Maxproof

Posted by ilreb 5 days ago

Comments

Comment by daquisu 5 days ago

"I thought it was interesting and a bit underappreciated that the fraction of gold medalists at the 2025 IMO (72/630 = 11.4%) is the highest it’s been since 1981.

Crudely, IMO gold medals are awarded to the highest-scoring 1/12 of contestants.1 However, because scores are integers up to 42 and there’s no provision for tiebreaking, it’s possible for a lot of contestants to be tied around the threshold. In that case, either all of them get a gold medal or none do, and the fraction of gold medalists might deviate substantially from 1/12. That’s what happened this year: 46 contestants all won a gold medal by scoring exactly 35 points.

In fact, bizarrely, 35 is the mode of the scores this year; the last time the modal score was a gold medal score was in 1994. And, of course, 35 is the same score claimed by AI systems from Google, OpenAI, and others."

From https://blog.vero.site/post/imo-2025

Comment by quibono 5 days ago

I was under the impression that IMO is conducted in an official "exam" capacity, on site and in a very formal setting. So I find it hard to believe _direct_ LLM usage would be a factor Then again - it very well could be a factor in the training and preparation? I imagine "Write me a prep document for the IMO" will surface all kinds of interesting things from the training set.

Comment by quietbritishjim 5 days ago

> And, of course, 35 is the same score claimed by AI systems from Google, OpenAI, and others.

This is the part of the quote your6 replying about.

You seemed to take "of course" as an implication that the contestants used LLMs, and that's why they got the same score as the LLMs.

I took it to mean: since this was the modal score, there seemed to be 35 points worth of significantly easier answers (relatively speaking) than the remaining points, so it's not a surprise that LLMs got the same easier bits right. (Though I doubt all contestants got their points on exactly the same answers.)

But it's certainly unclear what exactly the author meant.
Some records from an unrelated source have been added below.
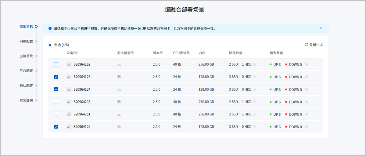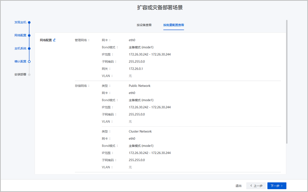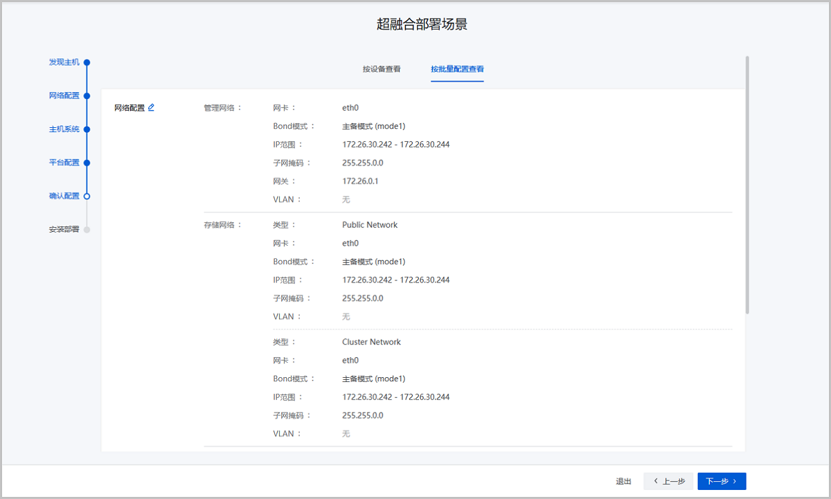 确认配置页面将已完成的全部配置进行展示,用户可以按设备或按批量配置进行查看,确认无误后点击下一步,即可按照配置信息开始安装部署。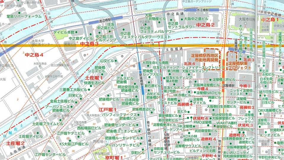 肥後橋は、四つ橋線「肥後橋駅」を中心にして、交通の便が非常に良好です。大阪のオフィスエリアの中心である梅田、淀屋橋、本町へも徒歩で移動可能な範囲に位置しており、ビジネスの移動や通勤が非常に便利です。さらに、大阪駅や新大阪駅にもアクセスがしやすく、遠方からの来客や出張にも対応しやすいエリアです。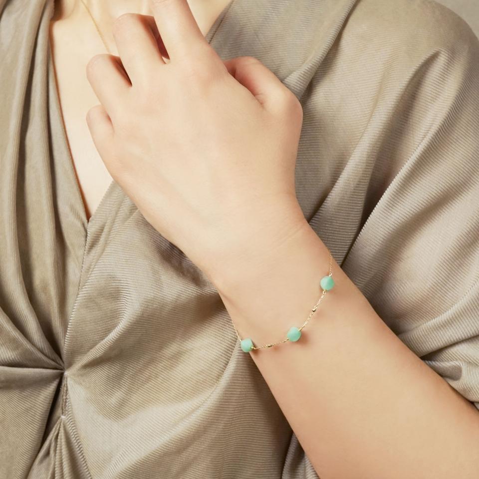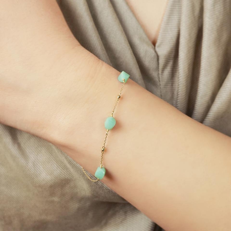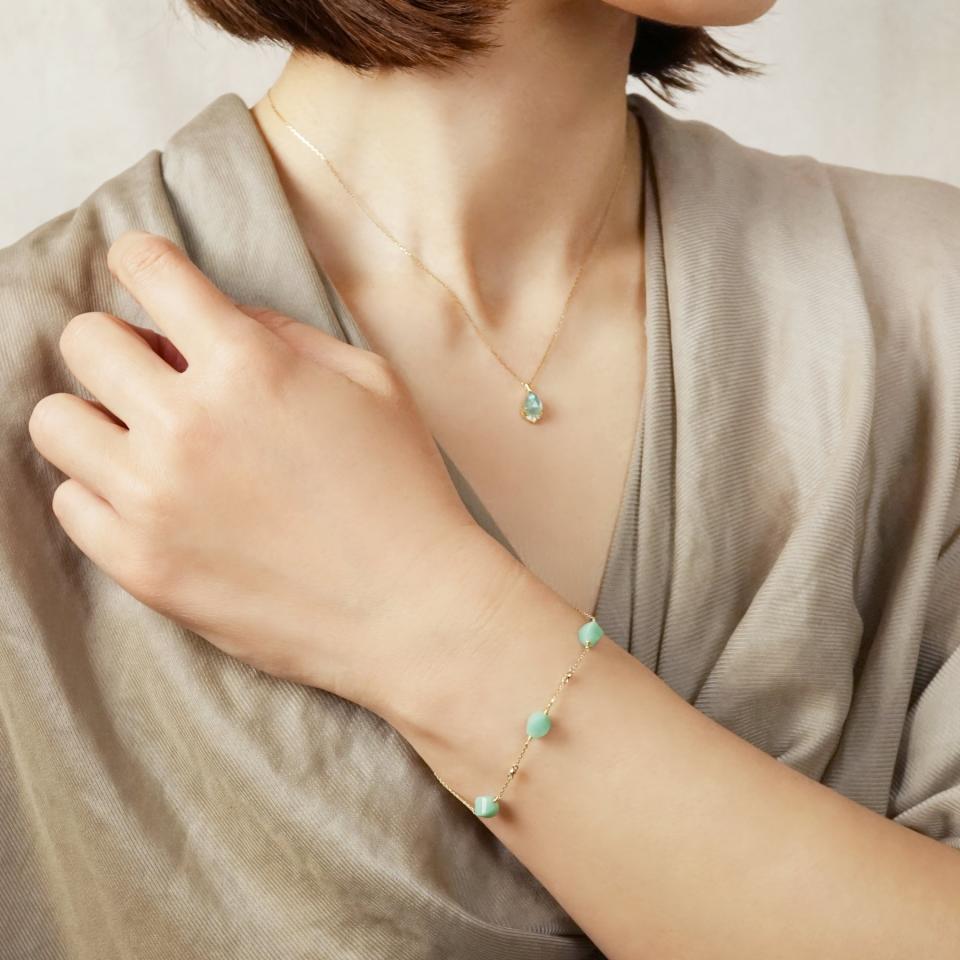 アマゾナイトの間に留めたイエローゴールドのパーツが太陽の反射にようなアクセントになり、手元に軽やかなリズム感を演出。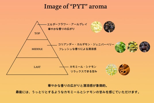 華やかな香りの広がり、そして、フレッシュな清涼感、最後にリラックスを演出する甘みが「PYT」の特徴です。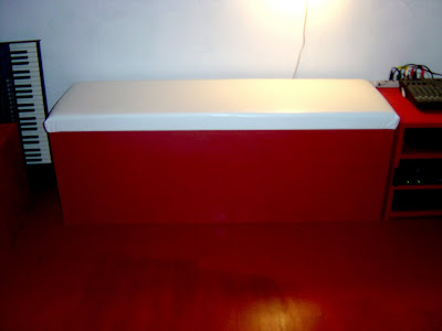 ●左右に自作チェストを敷き詰める。色はレッド、腰掛け部分はウレタンマットの上に白い合皮を打付ける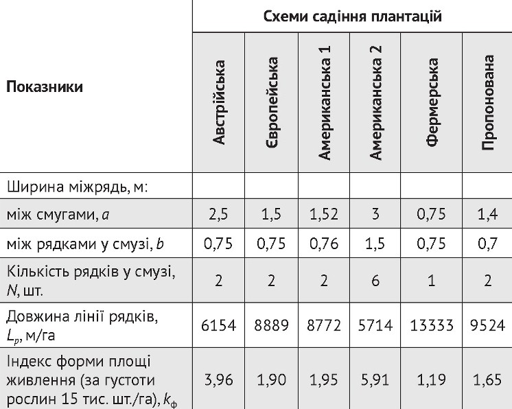 Таблиця 3. Параметри відомих схем садіння енергетичної верби

Comment by daquisu 4 days ago

Later in the same blog post, the author says:

> We can also consider the IMO 2025 problems individually. In the Epoch AI newsletter, Greg Burnham combines a subjective analysis with Evan Chen’s MOHS ratings to argue that the first five problems at IMO 2025 were unusually easy and the sixth was unusually hard, so it’s not surprising that the first five problems were exactly the ones solved by these AIs. Though I’m not sure the MOHS scale is rigorous enough to make sense as the x-axis of a bar chart it’s easy to corroborate the high-level story with the official IMO statistics. Based on average scores, this year’s Problem 6 was the fourth hardest and its Problem 3 was by far the easiest of all Problem 3s and 6s since 2000.

In the linked MaxProof paper, in the section "6.3.1. Per-Problem Analysis" it shows the same behavior: 7/7 in the first 5 problems, 0/7 in the last problem.

Comment by dooglius 5 days ago

This is not bizarre, it's a reflection of how the IMO is scored: 6 questions with scores from 0-7 but partial credit is rare. It's really a score of 5/6.

Comment by gus_massa 4 days ago

> Partial credit is rare

It's not rare at all. I can't find the 2026 results, but here are the 2025 ones.

https://www.imo-official.org/results/individual/year/2025/

The top of the table is full of 7 and the bottom is full of 0, but in the middle there are a lot of intermediate points. It's not uncommon "7 ? 0 7 ? 0" because the 1st and 4th are usually the easiest and the 3rd and 6th the hardest. But there are a of of other combinations due to stupid mistakes and lucky solutions and different personal styles/preferences that make some problems easier/harder for each contestant.

Comment by dooglius 4 days ago

You're right, it's less uncommon than I recalled, and thanks for the source. But I don't think that 35/42 is suspicious/bizarre, and it does look like the 5x7 scores make up the bulk of the 35s.

Comment by gus_massa 4 days ago

I agree. If 6 was too hard and 3 "easy", then it would be common to get 777770.

Comment by pfannl 5 days ago

The real AGI test is apparently not solving the IMO, but getting caught in the same scoring traffic jam as 46 teenagers.